We do have an overarching structure to our development, but our development was and continues to be very fluid. It has to be in order to respond to client requests and recommendations.
That sounds like a classic example of having to validate your idea and get customer acceptance. How did you go about learning how to launch your company?
There’s no easy way to launch – we ran a soft launch with a limited group of customers in order to develop the platform further. I spoke to contacts through mutual connections that had done so before, who advised us to react very quickly on the back of customer feedback. It’s worked quite well for us, so much to the point that StoriiCare wouldn’t look and operate as it does today without the feedback we’ve had from our end users.
So this feedback loop is essential for tech companies to validate their business?
Yes – speak to your customer!
Did you take a structured approach to developing and launching your business?
In terms of taking a structured approach – not initially. I had an incredibly steep learning curve and there were almost too many ‘recommended ways to start a business’. Everyone needs to make their own journey, and make their own mistakes along the way in order to learn.
What challenges have you seen on your journey?
Finding the right people is always difficult, it takes patience, effort and sometimes a lot of money if you use recruiters. It’s key to any businesses success. Without the right people – no matter how good your idea is – you will struggle to get anywhere.
There are of course a huge range of challenges that you encounter almost daily when running a startup, however I wouldn’t enjoy what I was doing if I wasn’t challenged!
Can you give us an idea of a few day to day challenges you have faced recently and how you overcame them?
Part of the challenge of running your own business is delegating tasks! When everything lands at my door as it did this Monday morning, it’s key to have a strong team to fall back on to pass tasks to. Additionally, you have to watch that you are not keeping tasks for yourself that are the ‘enjoyable tasks’, they actually may not be that important, or I may not be there best person to do them! One example is sending my CTO instead of myself to the Mobile World Congress in Barcelona – I would have loved to go but I knew my time was best spent with my team and my customers.
Can you tell us more about raising funding for your development? How did this deal come about?
That particular deal came about through a mutual contact and many meetings thereafter.
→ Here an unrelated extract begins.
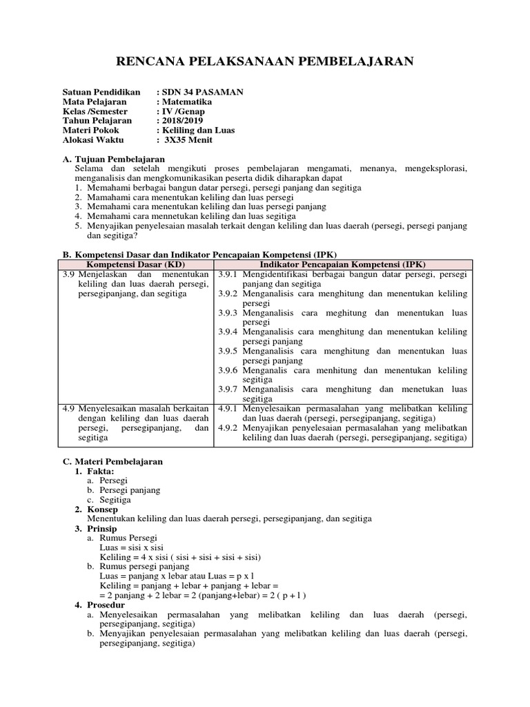 Rpp matematika kelas 4 bangun datar. Maybe you would like to learn more about one of these? We did not find results for: Check spelling or type a new query.

Are you now in a position to fund company growth from cash flow or will you be seeking further injections of cash?
We’re currently raising £500k and not long back from California last month.
How did the trip to California go and any updates on the funding side of things?
Our California trip was exciting, we ended up extending our stay for another 2 weeks after getting interest from VC’s. We built up a range of contacts including prospective investors for a Series A round next year and our first US clients – we’re heading back out to set them up with pilots next week. We’ve also just launched a crowdfunding campaign on Seedrs.
How many staff do you now have at Storii and how did the company form? i.e. what positions did you recruit for first then second?
We now have 11 full time staff – I started off by hiring our first two developers who are both still with us today. Finding great staff from the outset is hard to do, but will give you a great foundation to grow from and help build a strong company culture.
So where do you see Storii going from here and what does the future hold for the company development?
Our long term goal ultimately is being the go to and respected brand for care insight and software provision in the sector. We’ll grow our base in the UK and expand across the US in the coming 12 months – we’ll go where there’s demand, which right now seems to be across the board!